Smart, high-dimensional interpolator.

imposter · on March 20, 2020

Wow great

kuprel · on March 20, 2020

This would be great for instant replays

jayd16 · on March 20, 2020

Intel already does this with their "True View" setup. They also had a tech demo CES where they synthesized camera positions for movie sets. https://www.youtube.com/watch?v=9qd276AJg-o

macawfish · on March 21, 2020

The neural networks representing these scenes take up just 5 MB... Less than the input images used to train them. Wow. Mind blowing!

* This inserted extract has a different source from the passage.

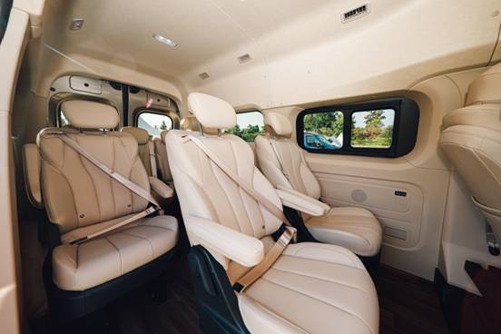 豪华版2025款新途V70率先成为轻客圈内最能比肩MPV乘坐体验的“九座大商务”首选。车内高度近1.8m,整体空间宽绰,二三排独立豪华皮质座椅,最大间距近750mm,真实“大三排”越级体验,行李区也可轻松容纳9人行李。大功率前后冷暖空调+PM2.5过滤空气净化,让车内空气更清新。比MPV多2座的设计,让新途V70豪华版成为商务团体出行利器,一台新途V70=2台4座乘用车+1台行李运输车,“一台能当3台用”!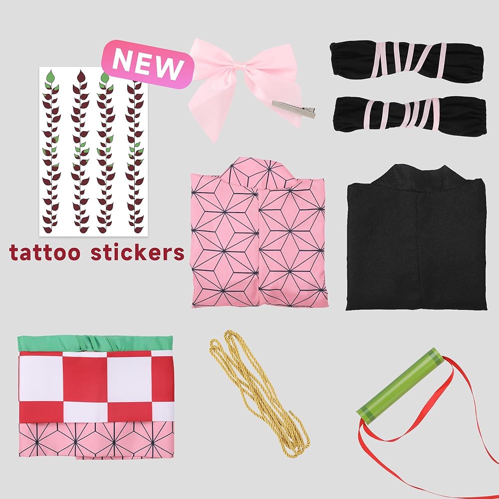 - 🧙♀️Including: Black Kimono-style Jacket*1, Pink Kimono*1, Belt*2, leg bandage*2, Headdress*1, Small Green Tube*1, Stickers*1.

BubRoss · on March 21, 2020

Keep in mind though, that the way the data is represented is a form of lossy compression and the size of the images may not be.

byt143 · on March 20, 2020

If you're only looking for one novel view, can it use less views that are close to the novel one?

ssivark · on March 20, 2020

Does anyone know how they do the “virtual object insertion” demonstrated in the paper summary video? Can that be somehow done on the network itself, or is that a diagnostic for scene accuracy by performing SFM on network output?

theresistor · on March 20, 2020

I'm pretty sure they're rendering a depth channel and compositing it in.

teraflop · on March 20, 2020

You could do that, but I think it's simpler to just introduce additional objects during the raytracing process that generates the images. That would produce accurate results even with semitransparent objects, unlike compositing with an depth buffer.

philip368320 · on March 21, 2020

I would like to see “neural enhances” an already rendered 3D scene with the changes which would make it more realistic, given depth map and other information to the neural network

BubRoss · on March 21, 2020

How would it be made more realistic?

tanilama · on March 21, 2020

This is REALLY cool, but kinda makes sense as well. Neural networks are very good at interpolation, given the right prior.

2OEH8eoCRo0 · on March 21, 2020

This is the kind of shit I come here for. Awesome post! Thanks for sharing!

anthk · on March 21, 2020

This is like the Blade Runner ingame tool.